According to the WGS data, three strains were identified as redundant (i.e., isolated from the same location, belonging to the same species and the same sequence type [ST], and carrying the same ARGs and plasmid replicons). We excluded these redundant isolates, leaving 11 isolates, including five E. coli strains (LZSFT34, LZSFZT27, LZSFZT29, LZSFZT33, and LZSFT33), and six K. pneumoniae (LZSFT39, LZSRT11, LZSRT46, LZSFT31, LZSFZT3, and LZSRT3) (Table 2). Antimicrobial susceptibility testing showed that most of these tigecycline-resistant strains exhibited co-resistance to tetracycline (n = 11), cefotaxime (n = 9), ciprofloxacin (n = 9), and sulfamethoxazole-trimethoprim (n = 10). Some of them were also resistant to chloramphenicol (n = 8), cefoxitin (n = 7), or gentamicin (n = 6). Only three strains (LZSRT11, LZSRT46, and LZSRT3) showed resistance to amikacin. Alarmingly, two isolates (LZSFT39, and LZSFZT3) were also resistant to meropenem. Genome analysis showed that 63 different ARGs were detected in the 11 tigecycline-resistant strains, and each of them carried 10 to 29 ARGs (Table 2).

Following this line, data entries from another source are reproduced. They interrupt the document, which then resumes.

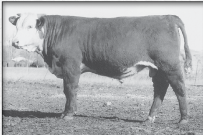
LOT 34 • KB L1 DOMINO 165Y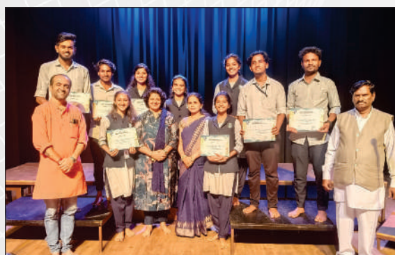
Theatre workshop at Rangayana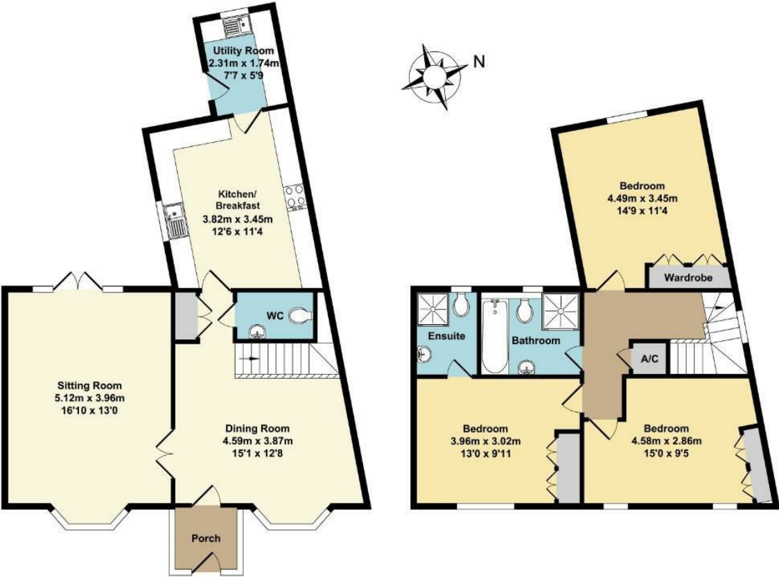
Ground Floor Approx. Floor Area 64.45 Sq.M. (694 Sq.Ft.)

Whilst every attempt has been made to ensure the accuracy of the floor plan contained here, measurements of doors, windows, rooms and any other items are approximate and no responsibility is taken for any error, omission, or mis-statement. This plan is for illustrative purposes only and should be used as such by any prospective purchaser. The services systems and appliance shown have not been tested and no guarantee as to their operability or efficiency can be given.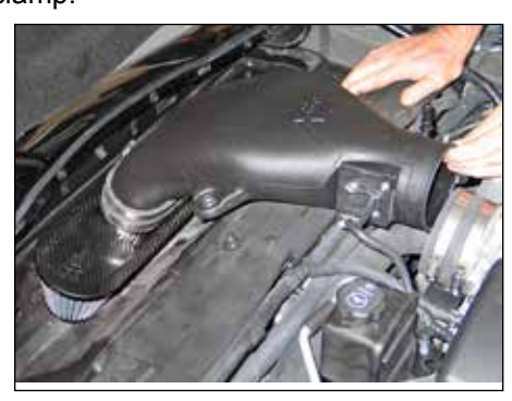
18. Install the K&N® intake assembly on top off the radiator assembly and then connect the mass air sensor electrical connection as shown.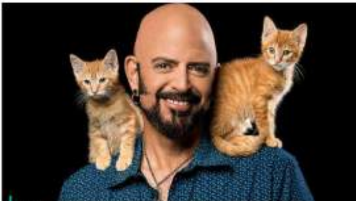
'The Cat Daddy' Jackson Galaxy is an expert on cats.

The cat behaviourist will be at the Sydney Cat Lovers Festival live via satellite this weekend to help pet owners improve our relationship with our cats.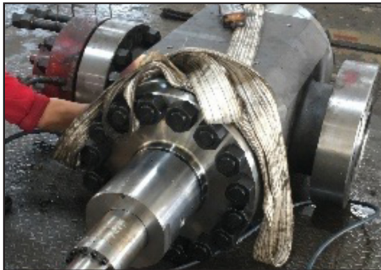
Gate valve before service.

A customer was designing a gate valve for an Oil and Gas application. It would see a temperature range of -40°C (-40°F) to 180°C (356°F) and maximum pressure of 138 MPa (20,000 psi). It would be exposed to crude oil, natural gas, and high concentrations of H 2 S and CO 2 . The customer had tried seals from competitors, but they were failing. Time was running out and they needed a solution.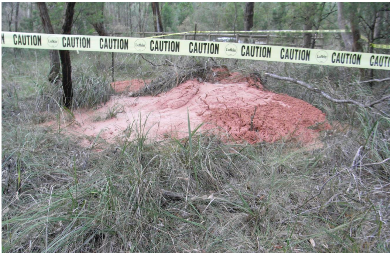
Frac-out of approx. 13 m 2 in Kilsyth South, showing mound.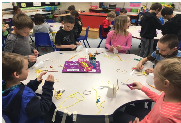
1 st grade students developed a dinosaur launcher—the dinosaur flew 22 feet!! Good engineering skills!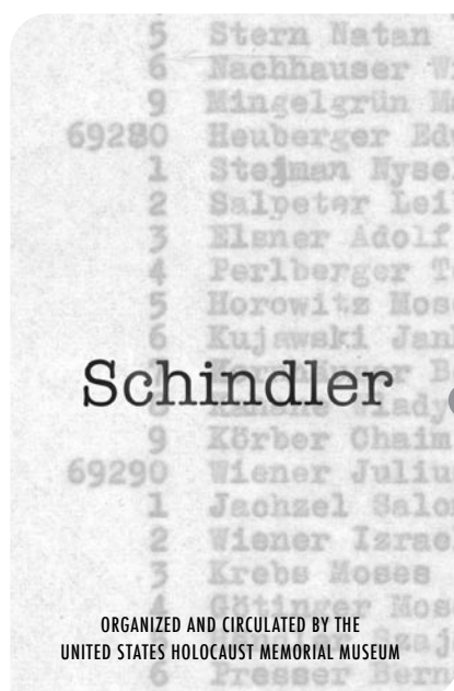
EXHIBIT OPENING AND RECEPTION PLEASE JOIN US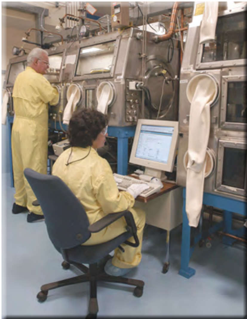
Glovebox Line at TA-55

PF-4 is the only fully operational, full capability plutonium facility in the nation. It supports pit manufacturing, surveillance and special plutonium recovery. To meet the varied needs of research, development and plutonium processing programs at the Laboratory, TA-55 provides chemical and metallurgical processes for recovering, purifying and converting plutonium and other actinides into many compounds and forms. TA-55 houses a sophisticated system for nuclear materials accounting, management and modeling; a measurement support operation; and a nondestructive assay laboratory. Additional capabilities include the means to safely and securely ship, receive, handle and store nuclear materials as well as manage the wastes and residues produced by TA-55 operations. In support of the Surplus Plutonium Disposition Program, PF-4 has developed a process for disassembling pits and producing plutonium oxide that would be used as feed material in the Mixed Oxide Fuel Fabrication Facility under construction at the Savannah River Site.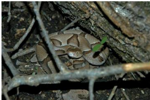
Southern Copperhead, Hunt Co., Texas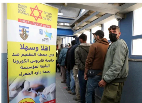
Israel lifts most COVID restrictions.

The following is excerpted from "Israel Lifts," CBN News , June 2, 2021: "Israel lifted nearly all of its COVID-19 restrictions on Tuesday as the daily infection rate remains at virtually zero. Now, Israelis will no longer need to use the proof of vaccination or recovery certificate known as the Green Pass to enter public venues like restaurants and gyms. The country also lifted restrictions on indoor and outdoor gatherings. 'Today is a very special day,' said Hezi Levi, Israel's Health Ministry Director-General. 'Now we are opening all the activity in Israel and no more green pass,' he added." Israel has also announced that the mask mandate will be lifted for indoor activities on June 15.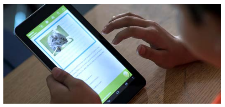
Learning by discovery with Cognitive Skills Science

3. Clicker: The Clicker feature enables teachers to assign questions from an item bank to check for student understanding. "I'll teach for two or three days, then assign 5 to 10 questions in MobyMax through the Clicker feature," he said. "Then I can go in and see that student A has only 33% right, so I'm going to pull her [aside] and make sure she really understands what I'm talking about, whereas student B has 90% right, so I'm going to let him go on to the next rotation and not worry about it."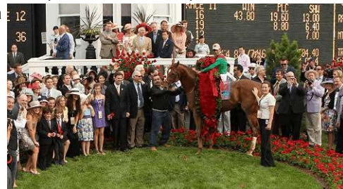
The 2011 Kentucky Derby winner's circle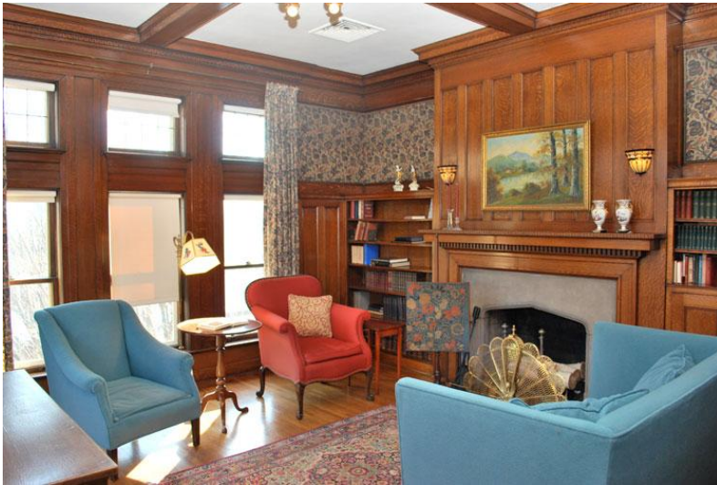
The Bachelor's Suite

In this ultra private offering, you'll have the extraordinary third floor to yourself. Nearly the entire suite is finished with ornately detailed quarter-sawn white oak paneling with tapestries above. The parlor has a limestone fireplace and an amazing birds-eye view of the entire Gardens. There is a generous changing room with lots of built-in cabinetry. The bathroom boasts perhaps the most unique wrap-around shower imaginable in the early 1900's... complete with a skylight!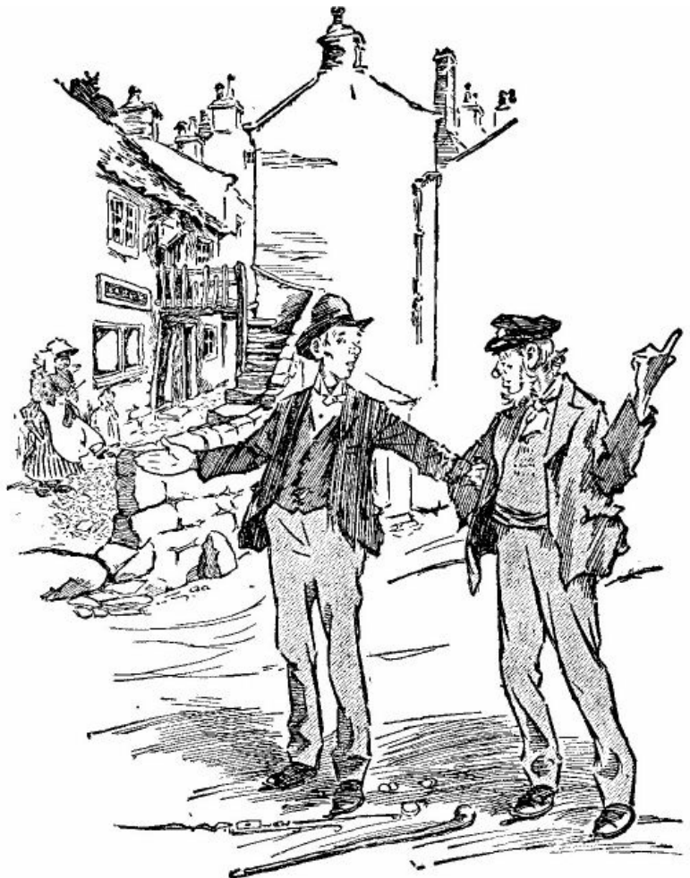
"The great thing was to get Teddy Silk home."

The steward waived the question; he knew from experience the futility of arguing with men in drink. The great thing was to get Teddy Silk home, not to argue with him. He smiled good-temperedly to himself, and with a sudden movement pinned him up against the wall in time to arrest another fall.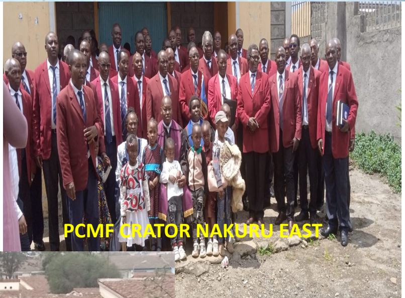
PCMF CRATOR NAKURU EAST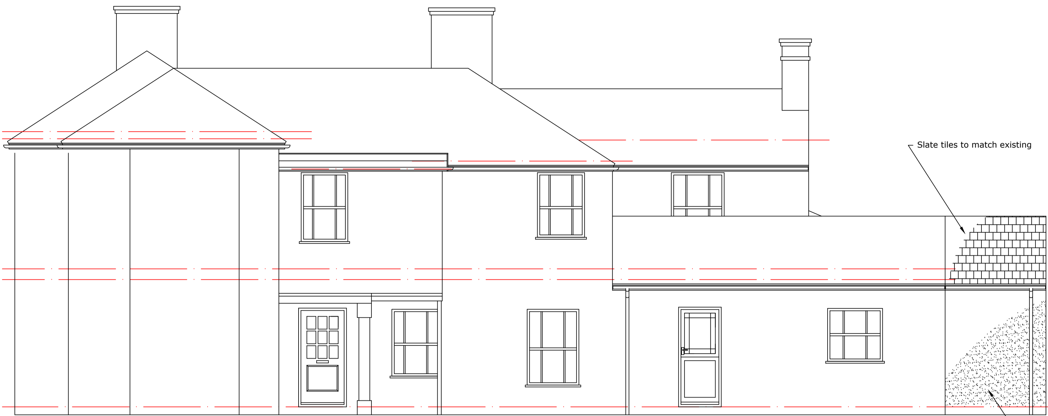
Proposed Side Elevation 1:50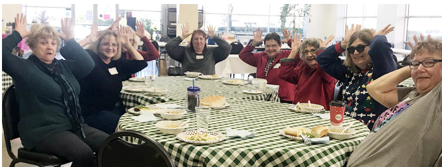
Members of the MiniCals Club of San Jose, CA make reindeer antlers during lunchtime at their fundraising event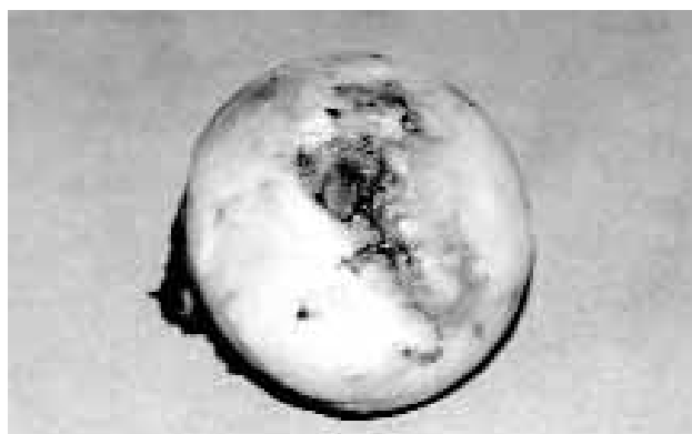
Figure 3. Cartilage defect of the femoral head extracted in the operation.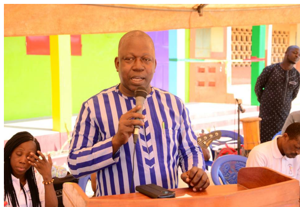
by the mayor.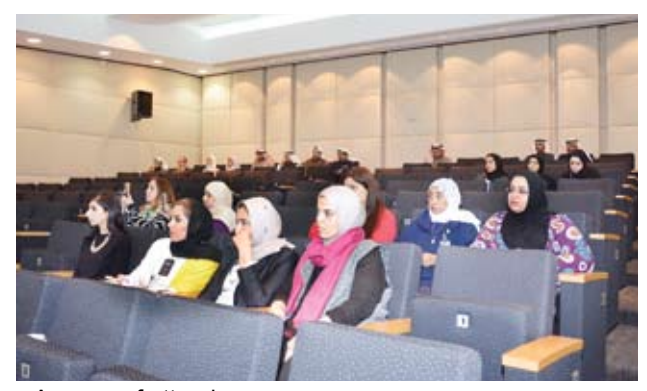
■ A group of attendees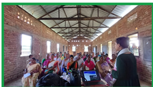
Training for kitchen garden in collaboration with KVK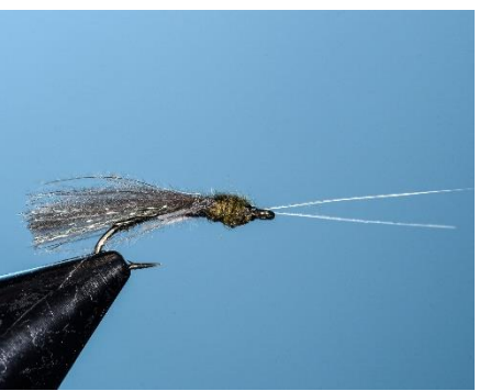
Baetis Emperor Caddis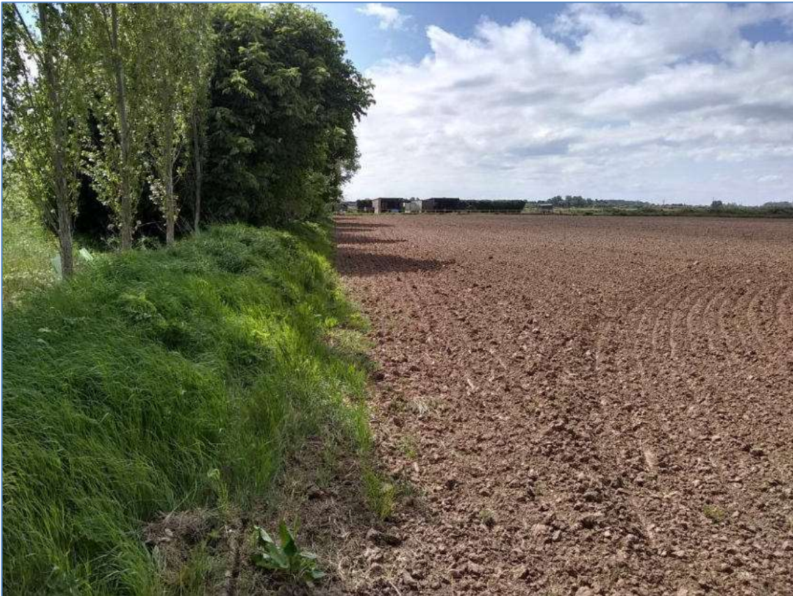
Plate 9: View of Field 2 and part of its southeastern boundary, from the northeast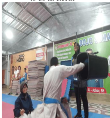
Picture 8. Athlete's Position When Hitting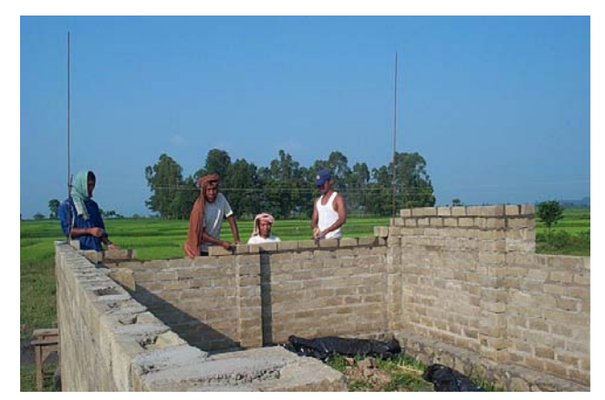
Construction Stage of Mud Block House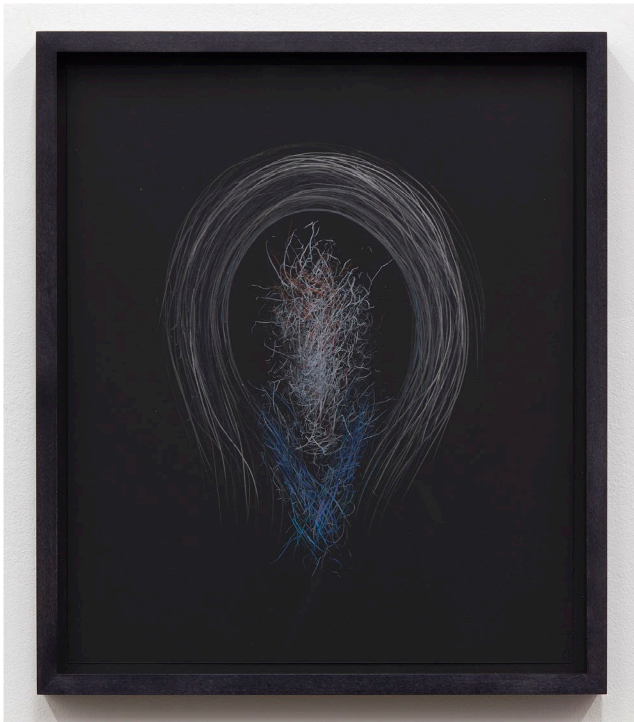
Alan Saret Blue Vee Ensoulment , 2008 Colored pencil on black paper 14½ × 12 inches; 36.2 × 30.5 cm ASA-08-002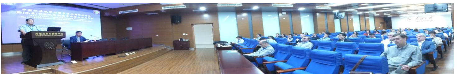
Closing Ceremony of the 30th Annual Conference of ACPS.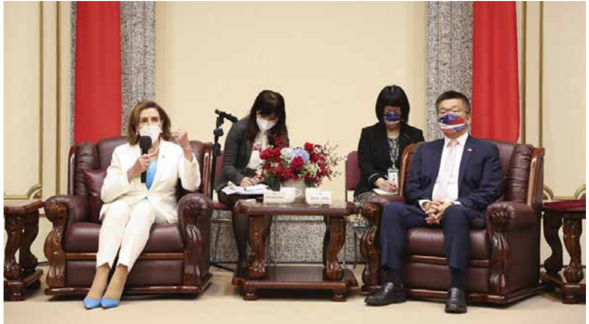
In this photo released by the Taiwan Legislative Yuan, U.S. House Speaker Nancy Pelosi, left, speaks during a meeting with Legislative Yuan Deputy Speaker Tsai Chi-chang in Taipei, Taiwan, Wednesday, Aug. 3, 2022. China announced Tuesday, Aug. 16, 2022, is imposing visa bans and other sanctions on a number of Taiwanese political figures including Tsai over their promotion of the self-governing island democracy's independence from Beijing.

Pelosi’s visit was followed by nearly two weeks of threatening Chinese military exercises that included the firing of missiles over the island and incursions by navy ships and warplanes across the midline of the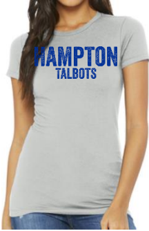
BELLA+CANVAS • Women's Slim Fit Tee Price: $17.99 Color Shown: Silver Logo Shown: Faded Text Blue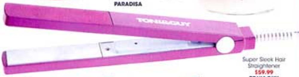
Super Sleek Hair Straightener $59.99 TONI&GUY

Thirteen types of β-lactam resistance genes were detected, including blaCTX-M-15, blaCTX-M-55, blaCMY-2, and blaSHV-12 that were reported to be common ESBL genes in clinical isolates (Zhang et al., 2013, 2014; Feng et al., 2015). Of note, the carbapenem resistance gene blaNDM-1 was found in two strains (LZSFZT3 and LZSFT39). The coexistence of blaNDM-1 and tigecyclineresistance determinant tmexCD-toprJ would pose a serious threat to the treatment of complicated infections by multidrug-resistant (MDR) Gram-negative bacterial infections.
3.2. Genomic characteristics of tet(X4)-bearing Escherichia coli isolates
Strain LZSFT34 consists of a 4,945,961-bp chromosome with a GC content of 50.93%, and seven plasmids ranging in size from 1,166 to 114,852 bp. It has 10 ARGs mediating resistance to aminoglycosides (aph(3″)-Ib, aadA2, and aph(6)-Id), trimethoprim (dfrA1), quinolones (qnrS1), phenicol (floR), sulfonamides (sul2), tetracyclines (tet(A), two copies), lincosamide (lnu(F)), and tigecycline (tet(X4)). All these ARGs are located on the tet(X4)-bearing plasmid pTetX4_FT34, suggesting that tigecycline resistance could be co-selected by other antimicrobial resistance determinants. pTetX4_FT34 is 112,510 bp in size with an average GC content of 51.75% and belongs to the IncFIA group. The plasmid backbone was composed of regions for replication (repA), maintenance (parAB), and conjugal transfer (tra, trb genes) (Figure 1). It also carried a ~ 31 kb accessory resistance region, which contained all the ARGs and abundant mobile genetic elements that are responsible for the formation of this mosaic MDR region. BLASTn comparison of pTetX4_FT34 with plasmids in the NCBI database showed that it is most similar (91% coverage, 99.96% nucleotide identity) to pSX5G-122 k (MZ367885, E. coli, pork, China), and partial similar (>60% coverage, >99.9% identity) to pRHB17-C03_2 (CP057706, E. coli, pig, United Kingdom) and pN16EC0140–1 (CP043748, E. coli, pork, United States). Of note, tet(X4) is absent from these similar plasmids, indicating a stepwise integration of horizontally acquired tet(X4) in pTetX4_FT34.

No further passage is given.